Task item: The whole listing below should be printed again exactly, with no images.

───── Data

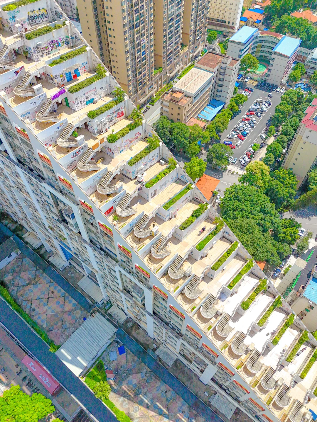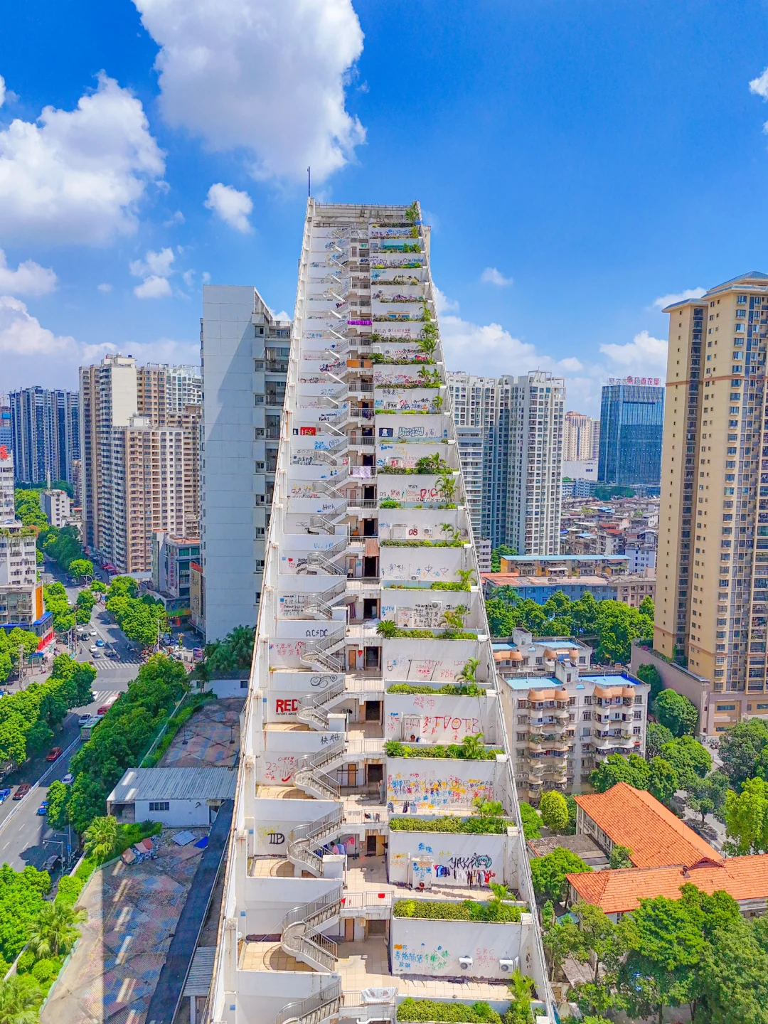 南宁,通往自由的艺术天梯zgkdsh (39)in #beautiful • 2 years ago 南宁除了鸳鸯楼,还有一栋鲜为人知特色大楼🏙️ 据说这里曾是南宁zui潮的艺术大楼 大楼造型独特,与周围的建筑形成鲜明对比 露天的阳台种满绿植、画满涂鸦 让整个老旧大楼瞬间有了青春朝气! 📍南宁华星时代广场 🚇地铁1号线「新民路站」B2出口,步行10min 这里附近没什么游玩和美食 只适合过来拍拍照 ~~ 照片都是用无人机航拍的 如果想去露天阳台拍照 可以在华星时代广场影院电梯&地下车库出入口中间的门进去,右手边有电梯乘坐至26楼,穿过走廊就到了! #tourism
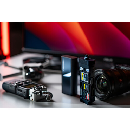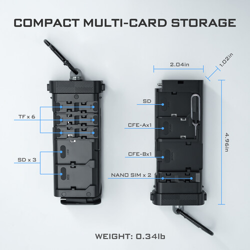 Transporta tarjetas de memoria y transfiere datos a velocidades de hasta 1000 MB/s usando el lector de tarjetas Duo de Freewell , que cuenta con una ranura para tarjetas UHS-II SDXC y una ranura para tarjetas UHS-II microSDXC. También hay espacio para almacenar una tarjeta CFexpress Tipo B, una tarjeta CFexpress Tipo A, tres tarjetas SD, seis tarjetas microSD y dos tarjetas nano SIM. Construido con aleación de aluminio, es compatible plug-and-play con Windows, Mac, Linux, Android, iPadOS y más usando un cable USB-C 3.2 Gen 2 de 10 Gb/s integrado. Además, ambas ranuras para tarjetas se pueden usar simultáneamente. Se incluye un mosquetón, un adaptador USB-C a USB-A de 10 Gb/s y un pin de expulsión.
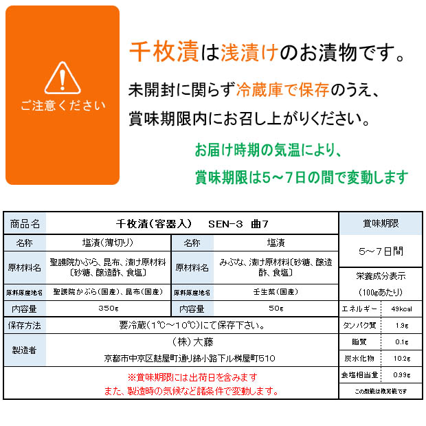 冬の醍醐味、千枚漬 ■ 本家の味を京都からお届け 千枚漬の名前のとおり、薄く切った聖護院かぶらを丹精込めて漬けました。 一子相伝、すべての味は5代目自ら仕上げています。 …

──────────

Written reply:
 南宁,通往自由的艺术天梯zgkdsh (39)in #beautiful • 2 years ago 南宁除了鸳鸯楼,还有一栋鲜为人知特色大楼🏙️ 据说这里曾是南宁zui潮的艺术大楼 大楼造型独特,与周围的建筑形成鲜明对比 露天的阳台种满绿植、画满涂鸦 让整个老旧大楼瞬间有了青春朝气! 📍南宁华星时代广场 🚇地铁1号线「新民路站」B2出口,步行10min 这里附近没什么游玩和美食 只适合过来拍拍照 ~~ 照片都是用无人机航拍的 如果想去露天阳台拍照 可以在华星时代广场影院电梯&地下车库出入口中间的门进去,右手边有电梯乘坐至26楼,穿过走廊就到了! #tourism
 Transporta tarjetas de memoria y transfiere datos a velocidades de hasta 1000 MB/s usando el lector de tarjetas Duo de Freewell , que cuenta con una ranura para tarjetas UHS-II SDXC y una ranura para tarjetas UHS-II microSDXC. También hay espacio para almacenar una tarjeta CFexpress Tipo B, una tarjeta CFexpress Tipo A, tres tarjetas SD, seis tarjetas microSD y dos tarjetas nano SIM. Construido con aleación de aluminio, es compatible plug-and-play con Windows, Mac, Linux, Android, iPadOS y más usando un cable USB-C 3.2 Gen 2 de 10 Gb/s integrado. Además, ambas ranuras para tarjetas se pueden usar simultáneamente. Se incluye un mosquetón, un adaptador USB-C a USB-A de 10 Gb/s y un pin de expulsión.
 冬の醍醐味、千枚漬 ■ 本家の味を京都からお届け 千枚漬の名前のとおり、薄く切った聖護院かぶらを丹精込めて漬けました。 一子相伝、すべての味は5代目自ら仕上げています。 …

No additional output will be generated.